After his advent in 1882, it did not take Van Horne long to establish his supremacy. The president of the C.P.R. was George Stephen, who became Lord Mountstephen. But he had removed to England, and Van Horne had a free hand in Canada. He had his faults, of course; but he was a big man, who saw railway policies in a big way. His attitude to the farmers was like his attitude to poor little lines like the Manitoba North Western. He knew that the more the farmers received for their crops, after paying freight charges, the more they could buy, and the more west-bound freight the C.P.R. would carry. He knew that the small railway was acting as a feeder to the C.P.R. for both outbound and inbound traffic. He gave the weak line a square deal every time until it became apparent that it was intended to compete with the C.P.R. in the long-haul business. Then there was a fight, in which his antagonist needed all his wits if he wished to admire himself when peace was restored.

Well, the Farmers’ Union busied itself with the scandal, as the Union called it, of Manitoba farmers having to sell their wheat for many cents a bushel less than their brethren did a few miles away. Just as the Canada Colonization Company is not the pioneer in financing land settlement, so the grain growers’ organizations of this century were not the first farmers’ bodies to jump into the business of grain buying, in self-defense of the farmers’ interests.

The Farmers’ Union began to buy wheat along our side of the border at higher prices than were paid by the Manitoba elevator and milling people. For some time there was a great deal of puzzlement as to how in the world Purvis and his men managed to buy grain, and pay for it. The truth was that the C.P.R. and the Bank of Montreal, its very good friend, had a hand in the revolution—not purely as a sort of joint Santa Claus for the farmer, but because it was not good business to allow the farmer to be ground beneath the upper and the nether millstone.
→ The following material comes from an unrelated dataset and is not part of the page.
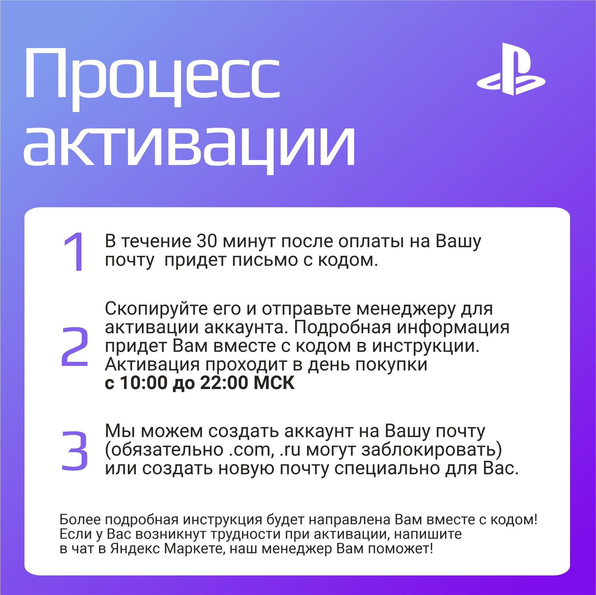 | Инструкция по активации | После покупки Вам придет код на почту. Инструкция по активации: 1. Перейдите в инструкцию по ссылке; 2. Отправьте код личным сообщением менеджеру; 3. Создайте аккаунт совместно с менеджером. |

I do not suggest, of course, that any railways have been operated in Western Canada purely as philanthropic enterprises. The farmer hardly claims that distinction for himself. But I do assert that the element of public service and public fairplay has entered more largely into railway administration than the public has often been informed; and that, often and often, compared with his fellows, in purely private undertakings, the lot of the railway president, manager, and financier has not been a happy one.


CHAPTER VII.

Telling how Manitoba struggled through an era of expansion and the war of Fort Whyte.

Winnipeg was at a peculiar stage of its growth at the time of my transfer there from Portage la Prairie when, in 1893, the Manitoba North Western went into a receivership, because it couldn’t pay its fixed charges and the Allan interests became tired of finding them from private sources. Probably not many of the well-known men of the city appreciated that they were participants in a phase of North American history which would soon become almost as extinct as the dodo, and would be clothed, for those who had eyes to see, with a certain glamour of the age of chivalry.

The knighthood that flowered among the Indians, fur traders, and original farmers of the Great Lone Land, has not yet been accorded the idealism of the Crusades, or the picturesqueness of Robin Hood. The country had few ladyes fayre. The dusky maidens who became the queens of many mixed unions were attractive enough in their way, though they were never protected by moats and drawbridges; nor were their favours courted with armour and lance. But there were other elements in a unique style of living to which, one day, the touch of some wizard of romance will be applied. The buffalo was to be replaced by the plowman, the Indian to be superseded by a more industrious relative, and the ironless Red River cart to be run off the trail by the iron horse.